# Work task
Write down the listing again exactly as it appears below, without its pictures.

============

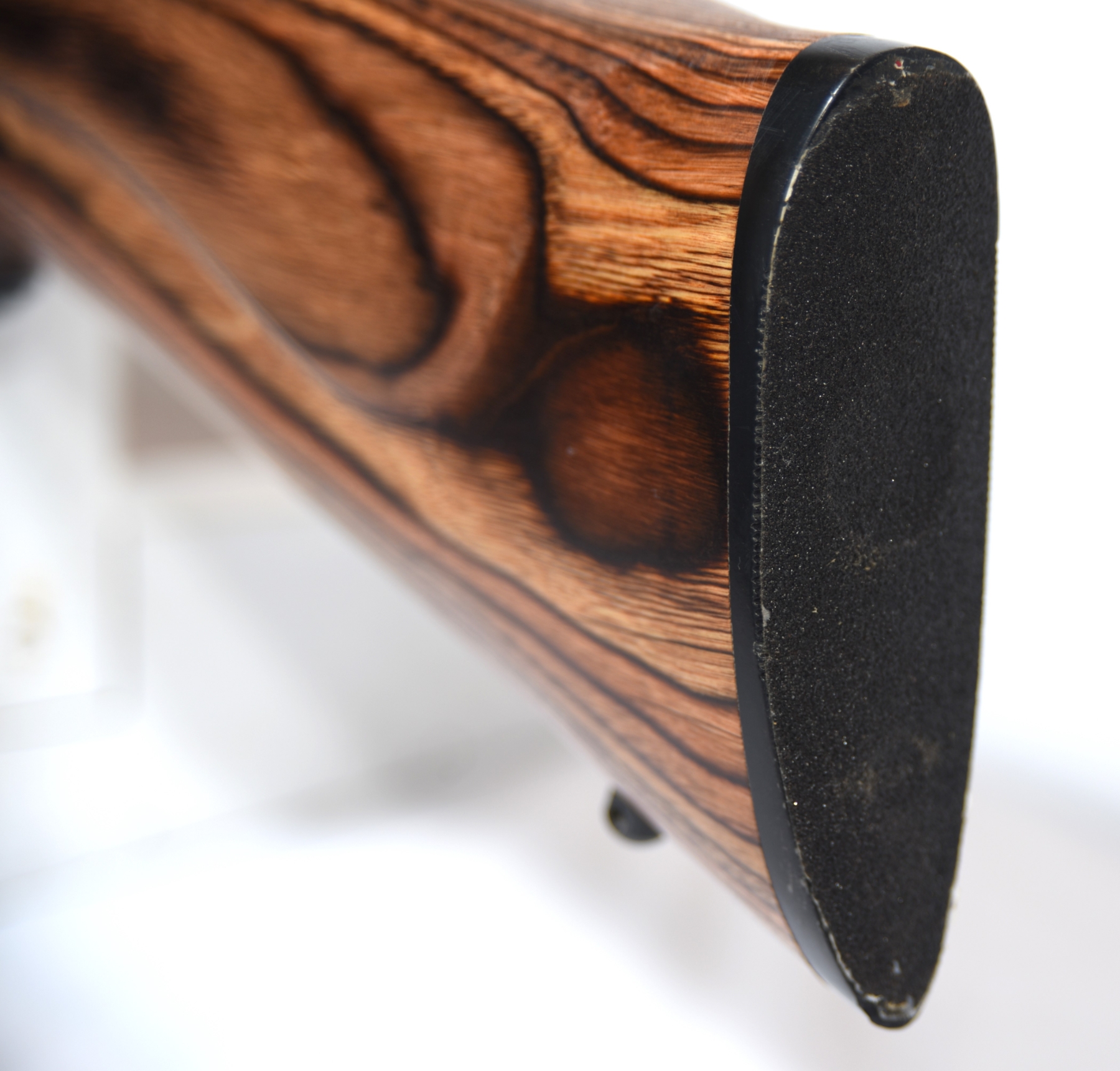 Wood stock shows minimal handling marks, there is anti-slip sticker on butt plate; condition is excellent.
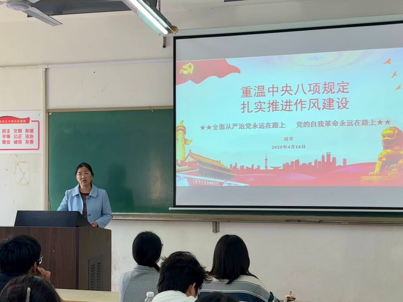 公司党委书记田萍以“重温中央八项规定,扎实推进作风建设”为主题,带领大家重温中央八项规定的主要内容。深入剖析了《中央列出违反八项规定清单80条》,通过列举典型案例,让入党积极分子清晰了解纪律红线,极大提升了员工对作风建设重要性的认知,督促员工严守纪律,做到理论与实践相融合,以优良作风投身党和人民的事业。
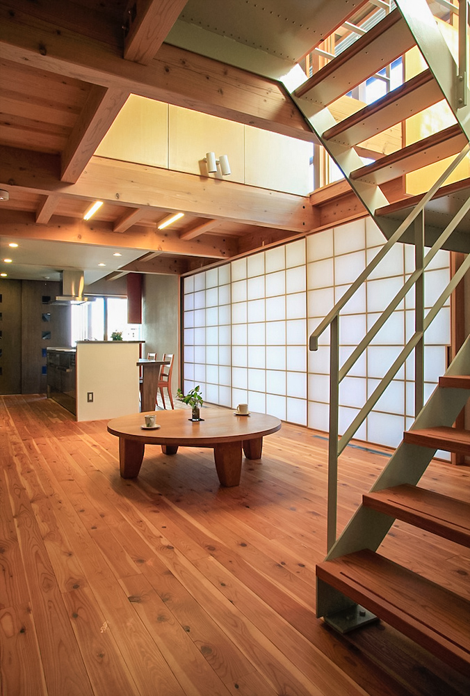 暑くても寒くてもスイッチ一つの“ホテル”では無く、住人が手間を掛け、工夫することで、より過ごしやすい環境を手に入れる。冬-10℃、夏38℃に達する厳しい気候にあって、基本的な建物の性能を高める事で、環境に対しては微々たる人間力でも対処出来るエコハウスであってほしいと願いました。最初から田舎くさく、ライフスタイルの変化や流行に流されない、飯田らしい価値観がいつまでも続く木造デザインを基本としています。
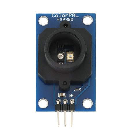 The Parallax ColorPAL combines an RGB LED, a light sensor, and a microcontroller to make a color sensor that can also be used as an ambient light detector and a color generator. Readings are reported via a 1-wire asynchronous serial interface.
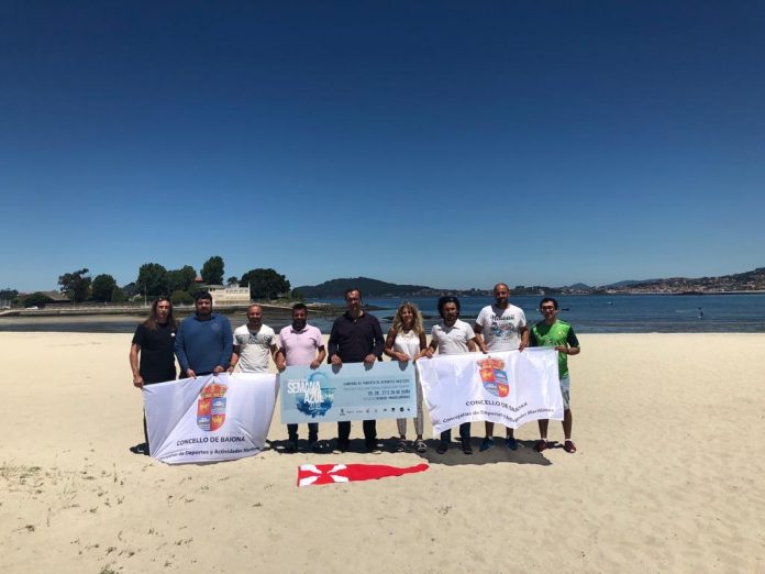 La Concejalía de Deportes y de Actividades Marítimas de Baiona presentó esta mañana en la playa A Ladeira su tradicional Semana Azul de fomento de los deportes náuticos entre los escolares.
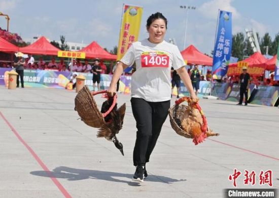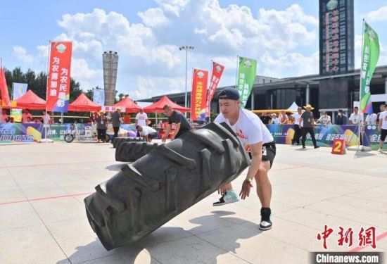 8月16日,吉林長春,農(nóng)民趣味運動會在長春農(nóng)博園精彩上演,運動會設(shè)置了“喜獲豐收”“回娘家”“農(nóng)田大力士”等充滿鄉(xiāng)村特色的比賽項目。圖為選手在“喜獲豐收”比賽中。中新社記者 張瑤 攝
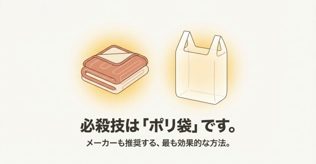 電気毛布を折りたたんで、そのポリ袋に入れます。そして、ここがポイント!その袋を敷き布団と掛け布団の間、もしくはマットレスの上に挟み込むようにセットします。上下を布団で挟むことで、断熱効果を高めるんです。
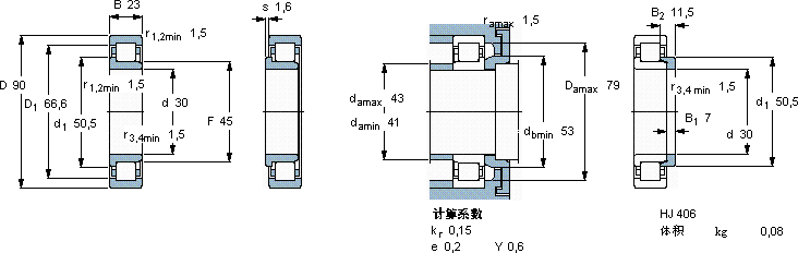 SKF NJ 406 MA轴承尺寸图纸
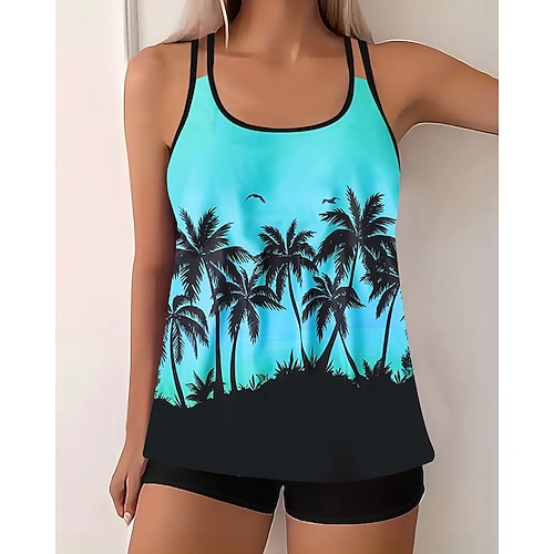 Per donna Costumi da bagno Due pezzi Shorts Costume da bagno Senza schiena Geometrico Vacanza Abbigliamento da Spiaggia Grafico Foglie Scollo a Cucchiaio Senza Maniche Costumi da bagno
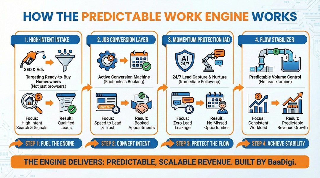 Predictable Work Engine is engineered for Owner-Operator and Small Crew Contractors (Roofers, Plumbers, HVAC, Remodelers) who are tired of the "feast or famine" revenue cycle. It is not for companies looking for "brand awareness" or "likes." It is for companies that need booked appointments.
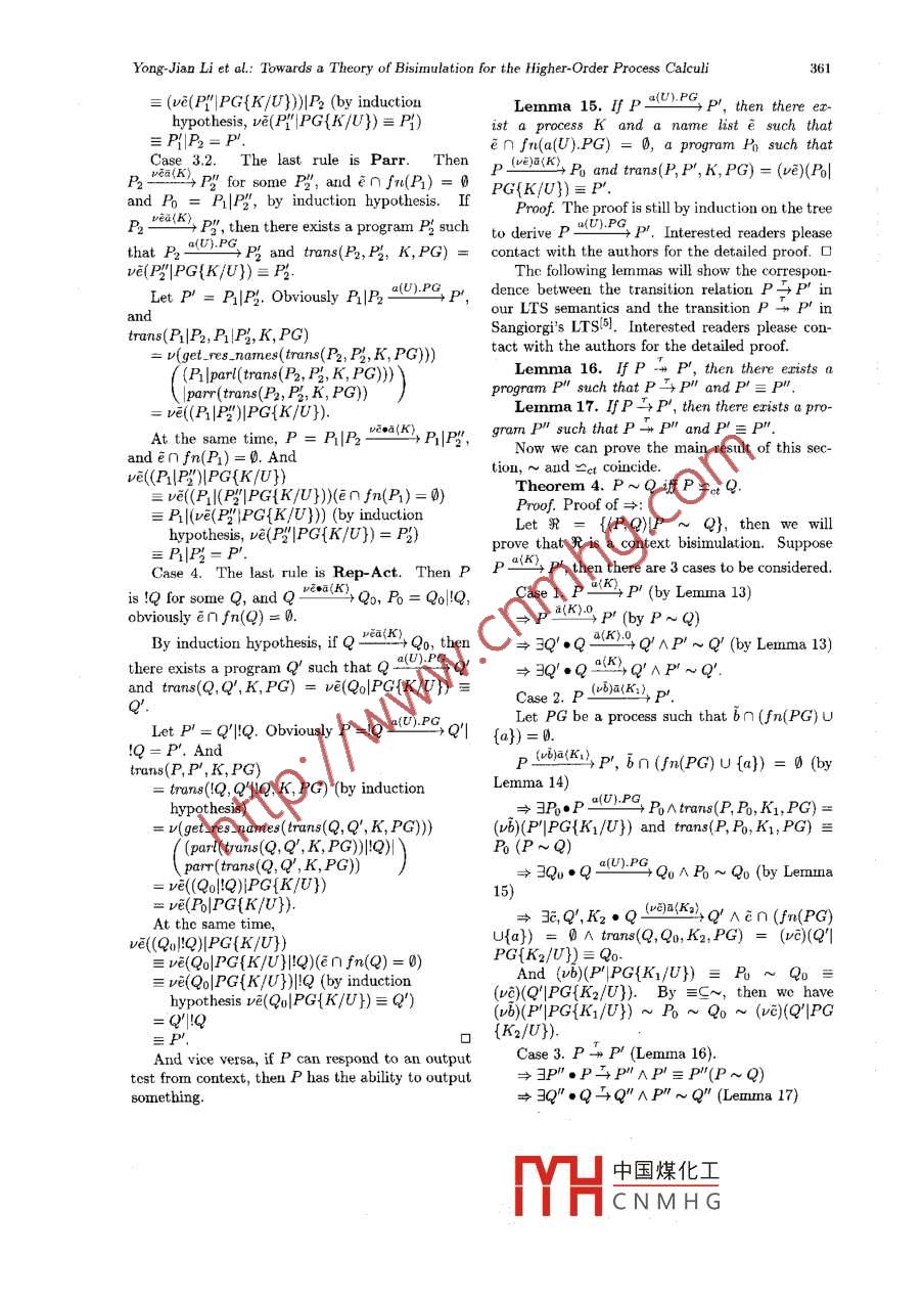 May 2004, Vol.19, No.3, pp.352- 363J. Comput. Sci. & Technol.Towards a Theory of Bisimulation for the Higher-Order ProcessCalculiYong-Jian Li and Xin-Xin LiuLaboratory of Computer Science, Institute of Software, The Chinese Academy of Sciences, Bcijing 100080P.R. China .E-mail: lyj238@ios.ac.cnReceived December 25, 2002; revised September 12, 2003.Abstract In this paper, a labelled transition semantics for higher-order process calculi is studied. The labelledtransition semantics is relatively clean and simple, and corresponding bisimulation equivalence can be easilyformulated based on it. And the congruence properties of the bisimulation equivalence can be proved easily.To show the correspondence between the proposed semantics and the well-established oncs, the bisimulation ischaracterized as a version of barbed equivalence and a version of context bisimulation.Keywords higher order process, labelled transition semantics, barbed bisimulation, context- bisimulation1 Introductioncated the definition of labelled transition relation.The second problem is the meaning of the label ofLabelled semantics achieved great success inhigher order output action in traditional LTS. Itearly studies of process calculi. Based on lblled only takes into account the object that the processsemantics, the idea of bisimulation was introduced emits, but not the context in which the emittedand formulated by Miner and Parkl,2 and has be- object is supposed to be used. For example, let uscome one of the most important notions in pro-consider an output action in HOπ's LTS[5].cess calculi. In mobility-free calculi such as cCsl3P v遠(yuǎn)(K), p'which has later become a blueprint for new processcalculi, a labeled transition system describes the where vca(K) represents the output object of P,operational behaviors of processes, and bisimula and P' represents the derivative of P. And thetion is defined on top of the labeled transition sys- whole transition rule does not contain any infor-tem (LTS) by imposing the following requirement: mation about the context in which emitted objecttwo processes are bisimilar if any action by one of is supposed to be used.ther can be matched by an equal action from theThis traditional higher order output transitionother in such a way that the resulting derivatives will cause the non naturalness problems in the def-are again bisimilar. Note that two matching actions inition of bisimulation. In more detail, when defin-must be syntactically identical. It is reasonable in ing some kind of bisimulation R of two examplefirst-order process calculus, because the effect of processes P, Q, we cannot use the traditional clausethe first-order object on the enviroument can be as below to define the matching of the higher-orderentirely represented by its syntax form.output actions of the two processes.When moving to more powerful process calculi●Whenever P與P', then Q' existss.t. Q牛Q'with mobility and higher order features, the tra- and P' RQ', where μ is a higher-order output ac-ditional labelled semantics become hard to work tion.(1with, and corresponding bisimulation formulationsUnlike first- order output action, the compari-are often much more elaborated, resulting in less son of labels of high order output action, for exam-satisfactory theories. It seems that two problems ple, processes, cannot be based on syntactic iden-have made traditional labelled semantics difficult tity in formulation of bisimulation, that would befor richer process calculi. The first is passing of too strong for any reasonable sernantic equivalence.local names out of the scope where they are deThomsen used bisimilarity instead of identity infined. The scope extrusion rule was introduced comparing labelslo), following earlier ideas of Aste-to cope with this4, but some delicate structure siano and Boudol[r別), but the resulting equivalencewas also introduced into the labels, which compli-is still too strong.*CorrespondenceThis work is Bupported by the National Natural Science Foundation of China under Grant No.60173020.中國煤化工MYHCNMHGYong-Jian Li et al: Towards a Theory of Bisimulation for the Higher Order Process Calculi353Sangiorgi had some very ilustrative examplesidea can be successfully applied to higher orderof the problems in his dissertationsl5. And heprocess calculi. In our labelled transition seman-pointed out that the separation between the ob-tics, there are three kinds of labels: T, a(U).q,ject part (i.e, the process emitted) and the con-a(K).0. As usual, P與P' represents internal com-text of a higher-order output prevents a satisfac-munication as traditional LTS. However p*OYp'tory treatment of the channels private to the two,and p4R2) P' represent that P can respond to theand then causes the problems of higher order bisim-ulation mentioned above. To avoid this separation tets a(V).Q and (K>.0 from context rspectivelyebetween object part and context of an output ac-and then becomes P'. We will show that our la-tion, he proposed a context bisimulation as belowbelled transition semantics are relatively clean andwhich explicitly takes into account the context inthe corresponding bisimulation equivalence can bewhich the emitted object is supposed to be used.easily obtained.To show the correctness and rationality of ourWhenever P IDOa\h14P', then Q' ex-semantics, we want to show the correspondenceists s.t.Q welakz+Q' and for all PG withbetween our labelled semantics and those well-fn(PG)n(6u2) = 0, (ub)(P'PG{K/U})R estabished. First, we want to relate our LTS with(ue)(Q'|PG{K2/U})-(2reduction semantics. And we will characterize ourBut this style of context bisimulation still seemsnew bisimulation in terms of a version of barbednon-natural and complex. First, the clauses of theequivalence. Second, we relate our LTS semanticsdefinition of bisimulation are not defined in a uni-to Sangorigi's LTS. And our new bisimulation willform style. The clause, which defines matching be-be characterized in terms

============

# Expected answer
 Wood stock shows minimal handling marks, there is anti-slip sticker on butt plate; condition is excellent.
 公司党委书记田萍以“重温中央八项规定,扎实推进作风建设”为主题,带领大家重温中央八项规定的主要内容。深入剖析了《中央列出违反八项规定清单80条》,通过列举典型案例,让入党积极分子清晰了解纪律红线,极大提升了员工对作风建设重要性的认知,督促员工严守纪律,做到理论与实践相融合,以优良作风投身党和人民的事业。
 暑くても寒くてもスイッチ一つの“ホテル”では無く、住人が手間を掛け、工夫することで、より過ごしやすい環境を手に入れる。冬-10℃、夏38℃に達する厳しい気候にあって、基本的な建物の性能を高める事で、環境に対しては微々たる人間力でも対処出来るエコハウスであってほしいと願いました。最初から田舎くさく、ライフスタイルの変化や流行に流されない、飯田らしい価値観がいつまでも続く木造デザインを基本としています。
 The Parallax ColorPAL combines an RGB LED, a light sensor, and a microcontroller to make a color sensor that can also be used as an ambient light detector and a color generator. Readings are reported via a 1-wire asynchronous serial interface.
 La Concejalía de Deportes y de Actividades Marítimas de Baiona presentó esta mañana en la playa A Ladeira su tradicional Semana Azul de fomento de los deportes náuticos entre los escolares.
 8月16日,吉林長春,農(nóng)民趣味運動會在長春農(nóng)博園精彩上演,運動會設(shè)置了“喜獲豐收”“回娘家”“農(nóng)田大力士”等充滿鄉(xiāng)村特色的比賽項目。圖為選手在“喜獲豐收”比賽中。中新社記者 張瑤 攝
 電気毛布を折りたたんで、そのポリ袋に入れます。そして、ここがポイント!その袋を敷き布団と掛け布団の間、もしくはマットレスの上に挟み込むようにセットします。上下を布団で挟むことで、断熱効果を高めるんです。
 SKF NJ 406 MA轴承尺寸图纸
 Per donna Costumi da bagno Due pezzi Shorts Costume da bagno Senza schiena Geometrico Vacanza Abbigliamento da Spiaggia Grafico Foglie Scollo a Cucchiaio Senza Maniche Costumi da bagno
 Predictable Work Engine is engineered for Owner-Operator and Small Crew Contractors (Roofers, Plumbers, HVAC, Remodelers) who are tired of the "feast or famine" revenue cycle. It is not for companies looking for "brand awareness" or "likes." It is for companies that need booked appointments.
 May 2004, Vol.19, No.3, pp.352- 363J. Comput. Sci. & Technol.Towards a Theory of Bisimulation for the Higher-Order ProcessCalculiYong-Jian Li and Xin-Xin LiuLaboratory of Computer Science, Institute of Software, The Chinese Academy of Sciences, Bcijing 100080P.R. China .E-mail: lyj238@ios.ac.cnReceived December 25, 2002; revised September 12, 2003.Abstract In this paper, a labelled transition semantics for higher-order process calculi is studied. The labelledtransition semantics is relatively clean and simple, and corresponding bisimulation equivalence can be easilyformulated based on it. And the congruence properties of the bisimulation equivalence can be proved easily.To show the correspondence between the proposed semantics and the well-established oncs, the bisimulation ischaracterized as a version of barbed equivalence and a version of context bisimulation.Keywords higher order process, labelled transition semantics, barbed bisimulation, context- bisimulation1 Introductioncated the definition of labelled transition relation.The second problem is the meaning of the label ofLabelled semantics achieved great success inhigher order output action in traditional LTS. Itearly studies of process calculi. Based on lblled only takes into account the object that the processsemantics, the idea of bisimulation was introduced emits, but not the context in which the emittedand formulated by Miner and Parkl,2 and has be- object is supposed to be used. For example, let uscome one of the most important notions in pro-consider an output action in HOπ's LTS[5].cess calculi. In mobility-free calculi such as cCsl3P v遠(yuǎn)(K), p'which has later become a blueprint for new processcalculi, a labeled transition system describes the where vca(K) represents the output object of P,operational behaviors of processes, and bisimula and P' represents the derivative of P. And thetion is defined on top of the labeled transition sys- whole transition rule does not contain any infor-tem (LTS) by imposing the following requirement: mation about the context in which emitted objecttwo processes are bisimilar if any action by one of is supposed to be used.ther can be matched by an equal action from theThis traditional higher order output transitionother in such a way that the resulting derivatives will cause the non naturalness problems in the def-are again bisimilar. Note that two matching actions inition of bisimulation. In more detail, when defin-must be syntactically identical. It is reasonable in ing some kind of bisimulation R of two examplefirst-order process calculus, because the effect of processes P, Q, we cannot use the traditional clausethe first-order object on the enviroument can be as below to define the matching of the higher-orderentirely represented by its syntax form.output actions of the two processes.When moving to more powerful process calculi●Whenever P與P', then Q' existss.t. Q牛Q'with mobility and higher order features, the tra- and P' RQ', where μ is a higher-order output ac-ditional labelled semantics become hard to work tion.(1with, and corresponding bisimulation formulationsUnlike first- order output action, the compari-are often much more elaborated, resulting in less son of labels of high order output action, for exam-satisfactory theories. It seems that two problems ple, processes, cannot be based on syntactic iden-have made traditional labelled semantics difficult tity in formulation of bisimulation, that would befor richer process calculi. The first is passing of too strong for any reasonable sernantic equivalence.local names out of the scope where they are deThomsen used bisimilarity instead of identity infined. The scope extrusion rule was introduced comparing labelslo), following earlier ideas of Aste-to cope with this4, but some delicate structure siano and Boudol[r別), but the resulting equivalencewas also introduced into the labels, which compli-is still too strong.*CorrespondenceThis work is Bupported by the National Natural Science Foundation of China under Grant No.60173020.中國煤化工MYHCNMHGYong-Jian Li et al: Towards a Theory of Bisimulation for the Higher Order Process Calculi353Sangiorgi had some very ilustrative examplesidea can be successfully applied to higher orderof the problems in his dissertationsl5. And heprocess calculi. In our labelled transition seman-pointed out that the separation between the ob-tics, there are three kinds of labels: T, a(U).q,ject part (i.e, the process emitted) and the con-a(K).0. As usual, P與P' represents internal com-text of a higher-order output prevents a satisfac-munication as traditional LTS. However p*OYp'tory treatment of the channels private to the two,and p4R2) P' represent that P can respond to theand then causes the problems of higher order bisim-ulation mentioned above. To avoid this separation tets a(V).Q and (K>.0 from context rspectivelyebetween object part and context of an output ac-and then becomes P'. We will show that our la-tion, he proposed a context bisimulation as belowbelled transition semantics are relatively clean andwhich explicitly takes into account the context inthe corresponding bisimulation equivalence can bewhich the emitted object is supposed to be used.easily obtained.To show the correctness and rationality of ourWhenever P IDOa\h14P', then Q' ex-semantics, we want to show the correspondenceists s.t.Q welakz+Q' and for all PG withbetween our labelled semantics and those well-fn(PG)n(6u2) = 0, (ub)(P'PG{K/U})R estabished. First, we want to relate our LTS with(ue)(Q'|PG{K2/U})-(2reduction semantics. And we will characterize ourBut this style of context bisimulation still seemsnew bisimulation in terms of a version of barbednon-natural and complex. First, the clauses of theequivalence. Second, we relate our LTS semanticsdefinition of bisimulation are not defined in a uni-to Sangorigi's LTS. And our new bisimulation willform style. The clause, which defines matching be-be characterized in terms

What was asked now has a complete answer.